A compelling new novel by two-time Booker finalist and internationally acclaimed author Andrew O'Hagan. For readers of Colm Toibin, Ian McEwan, Alan Hollinghurst and David Mitchell.
     How much do we keep from the people we love? Why is the truth so often buried in secrets? Can we learn from the past or must we forget it? The Illuminations, Andrew O'Hagan's fifth work of fiction, is a powerful, nuanced and deeply affecting novel about love and memory, about modern war and the complications of fact.
     Standing one evening at the window of her house by the sea, Anne Quirk sees a rabbit disappearing in the snow. Nobody remembers her now, but this elderly woman was in her youth an artistic pioneer, a creator of groundbreaking documentary photographs. Her beloved grandson, Luke, now a captain in the British army is on a tour of duty in Afghanistan. When his mission goes horribly wrong, he ultimately comes face to face with questions of loyalty and moral responsibility that will continue to haunt him. Once Luke returns home to Scotland, Anne's secret story begins to emerge, along with his, and they set out for an old guest house in Blackpool where she once kept a room. There they witness the annual illuminations--the dazzling artificial lights that brighten the seaside resort town as the season turns to winter. The Illuminations is a beautiful and highly charged novel that reveals, among other things, that no matter how we look at it, there is no such thing as an ordinary life.

The Illuminations Andrew O'Hagan 9780771068324 Books

Look up Blackpool on the Internet. The largest seaside resort on the Northwest coast of England, it drew mainly working-class holidaymakers from the industrial North and Scotland, reaching its peak in the middle of the last century, when major stars would play its theaters, but it has not been able to compete with cheap fares to warmer resorts abroad. Blackpool has long been famous for its extensive illuminations that light up its promenades, piers, and miniature Eiffel Tower. The tarnished glamor of the resort in former days is an emotional point of reference in Andrew O'Hagan's latest novel, even though he does not take us to those particular illuminations until the very end. But the metaphorical associations of the title resonate throughout.

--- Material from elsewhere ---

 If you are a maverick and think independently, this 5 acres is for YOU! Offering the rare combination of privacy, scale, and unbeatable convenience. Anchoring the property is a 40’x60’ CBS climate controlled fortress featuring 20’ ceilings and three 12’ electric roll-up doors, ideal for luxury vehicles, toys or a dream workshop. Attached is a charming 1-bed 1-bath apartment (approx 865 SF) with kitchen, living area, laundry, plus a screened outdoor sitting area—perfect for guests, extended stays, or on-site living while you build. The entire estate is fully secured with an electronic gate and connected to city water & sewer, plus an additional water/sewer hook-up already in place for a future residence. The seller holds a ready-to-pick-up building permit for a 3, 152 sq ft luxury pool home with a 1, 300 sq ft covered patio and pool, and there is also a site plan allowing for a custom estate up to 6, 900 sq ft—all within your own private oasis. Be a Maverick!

Most of O'Hagan's book is divided between the Ayrshire coast of Scotland (setting of his peerless BE NEAR ME, one of whose characters makes a brief appearance here), and Afghanistan. The two principal characters are Anne Quirk, a former photographer now an elderly woman living in a retirement community, and her devoted grandson Luke Campbell, who is a Captain in the British army. I have to say it is a difficult book to follow at first. Anne is succumbing to senile dementia, and little of her conversation makes everyday sense. Though university educated and a thinker, Luke spends much of the novel with the soldiers in his armored vehicle, and the constant barrage of obscene insults in various regional dialects comes pretty close to unintelligibility. The Afghan scenes had a certain element of déjà vu for me, I think from my recent reading of THE HUMAN BODY by Paolo Giordano, but maybe it is simply that both authors took care to show it like it is.

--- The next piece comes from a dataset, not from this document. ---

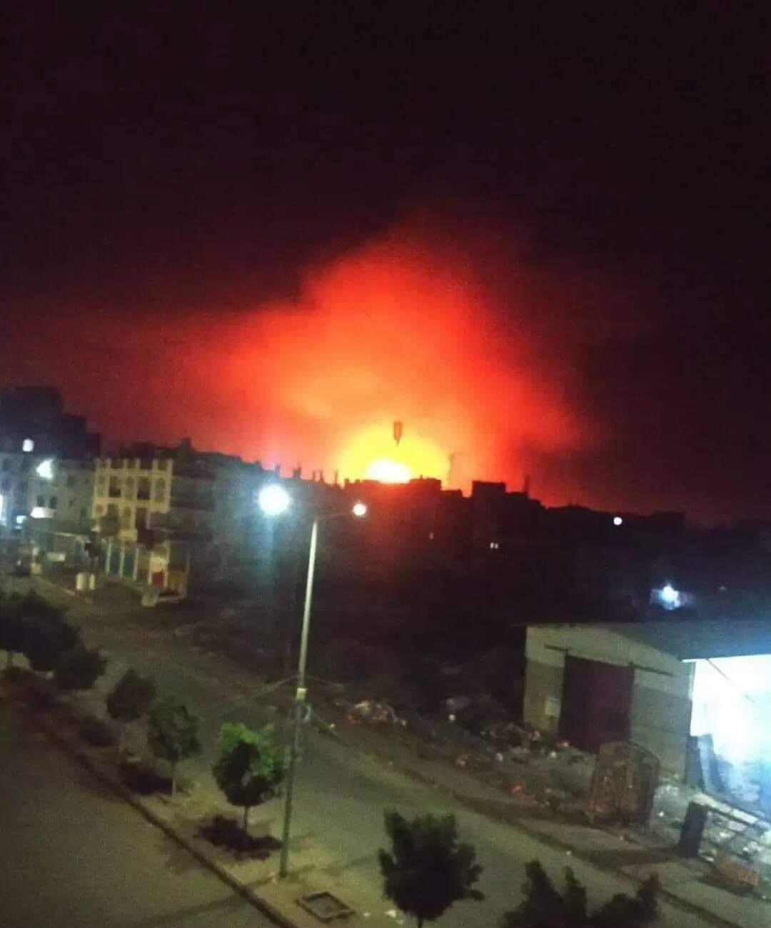 وقال سكان محليون "إن انفجارات عنيفة هزت العاصمة صنعاء؛ جراء غارات للتحالف على معسكر سلاح الصيانة ومحيطه الخاضع لسيطرة الحوثيين في منطقة الحصبة، وكذا معسكر النهدين، والحفا شرق العاصمة".

Neither story is as simple as it seems. Anne Quirk has been a photographer in her youth, a true artist and something of a pioneer. The author implies that he was inspired by the Scottish Canadian photographer Margaret Watkins, although the biographies don't quite match. Anne's talent emerges gradually through O'Hagan's words, but seeing the pictures which were his inspiration adds an extra glow to the novel in retrospect. Most of Anne's thoughts now are centered on Blackpool, where she met her husband, Harry Blake, a war photographer and hero in his own right. It gradually becomes clear, though, that constructing stories is not merely a symptom of Anne's illness, but something she has been doing her entire life, professionally and otherwise. And when things go horribly wrong in Afghanistan, and Luke returns to Scotland, he too must shape some kind of narrative that makes sense of who he is and what he lives for.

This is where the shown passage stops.